THE International Organisation for Migration (IOM) is intensifying Covid-19 awareness campaigns among informal traders at Beitbridge and Chirundu border posts.
The campaign is aimed at empowering communities with risk communication management in the border areas.
Funded by the Foreign, Commonwealth and Development Office (FCDO) of the United Kingdom, the project is being managed by the IOM office in Zambia, and implemented in conjunction with IOM missions in Malawi, South Africa, and Zimbabwe
Fadzai Nyamande-Pangeti, IOM media and communication specialist, told The NewsHawks that the week-long awareness campaign, which ends over the weekend, is being held under the theme: Supporting Informal Cross Border Traders in Southern Africa to do Business Safely During the Covid-19 Pandemic.
IOM had a similar programme in Beitbridge, where they are supporting vendors at marketplaces with water.
‘‘We have targeted Beitbridge and Chirundu border crossing points, where IOM is working closely with the local authorities, ICBT (Informal Cross Border Traders) associations and other frontline departments. We have vaccination teams that will be part of awareness campaigns,’’ she said in an interview.
Nyamande-Pangeti explained that the drive for awareness has been necessitated by the outbreak of the Covid-19 pandemic that has impacted negatively on world trade, including in southern Africa.
‘‘The outbreak of Covid-19 in southern Africa led to border closures and travel restrictions throughout the region. Where cross-border trade is permitted, it has been for larger commercial flows and not for the movement of people, accompanied by quarantine measures for varying periods, often at the cost of the traveller. For informal cross-border traders, these changes have had a significant negative impact on their livelihoods as they are unable to conduct their trade normally. Covid-19 restrictions have hit informal trade harder than other sectors, with women hit particularly hard by economic losses. Post Covid-19 will add more pressure on the informal sector,’’ added Nyamande-Pangeti.

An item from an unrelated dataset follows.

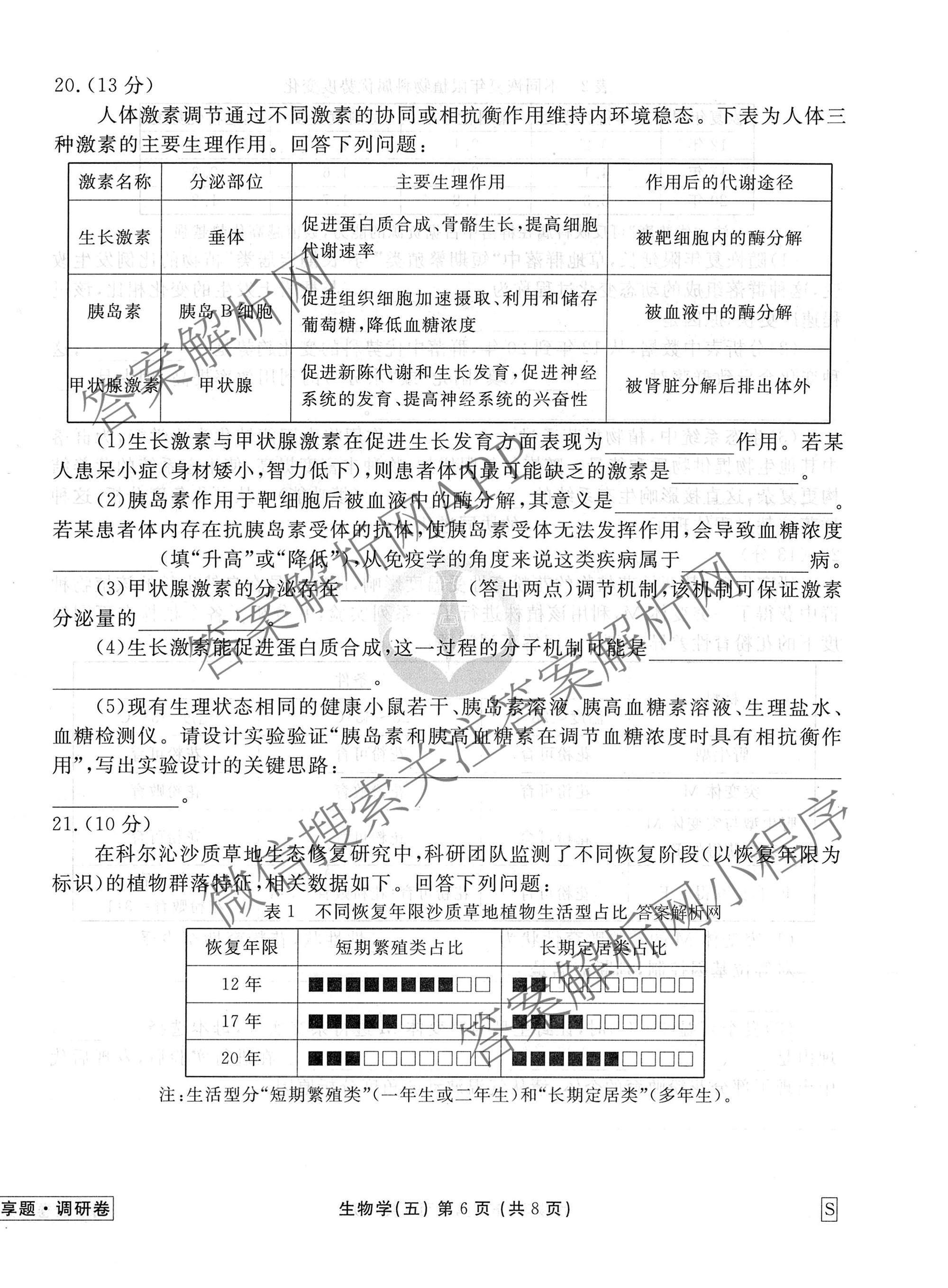 衡水金卷先享题·调研卷·2026年普通高中学业水平选择性考试模拟(五)5生物(S)试题,目前衡水金卷先享题答案网已经汇总了衡水金卷先享题·调研卷·2026年普通高中学业水平选择性考试模拟(五)5生物(S)试题的各科答案和试卷,获取更多衡水金卷先享题答案解析,请在关注本站。

Zimbabwe Chamber of Informal Economy Associations (ZCIEA) national secretary-general Wisborn Malaya applauded the IOM, saying it will bring optimism to informal workers and traders who were affected by the Covid-19 lockdown.
‘‘This support has been long overdue because many informal traders have suffered badly economically and socially. When the national lockdown started last year in March, it came with many government restrictions disadvantaging the vulnerable traders. The majority are still to recover. The latest support is very well-timed because many were expecting to benefit from government social grants support but only a handful benefitted,’’ said Malaya.
Hurungwe district medical officer Munyaradzi Chidaushe described the move as commendable.
‘‘This is a positive move for us as we believe vendors and informal traders may have missed vaccination outreach. Hurungwe has witnessed an upsurge of vaccination from both rural and farming communities. The uptake is impressive and with organisations like IOM it adds value,’’ Chidaushe said.
Malaya said they are grateful to IOM, as they expect the initiative to cut across some affected areas.
‘‘We hope their help will cover food, recapitalisation support and children’s school fees support. As an organisation we are very much thankful and say to the benefitting members when they get this support they must be innovative to kick-start their survival projects again,’’ added Malaya.
Chirundu border town is a hive of activity and connected nearby shopping centres, including Nyamakate, Elephants Walk and Karoi farming town, situated along the Harare-Chirundu highway.
Magunje growth point is a few kilometres away and was also covered.
The border town attracts large numbers of traders and buyers from Zambia and other parts of Zimbabwe.
It is also the gateway to countries to the north such as Zambia, Tanzania and Democratic Republic of Congo and is thus popular with haulage truck drivers.
‘‘The neighbouring towns and shopping centres in the district and its markets attract more cross-border traders due to its proximity with Chirundu where cross-border traders conduct buying and selling with Zambia . . . This has exposed informal traders to infection and further resulted in the marketplaces being potential Covid-19 super spreaders. We are working out with stakeholders to empower communities with information about Covid-19,’’ Nyamande-Pangeti said.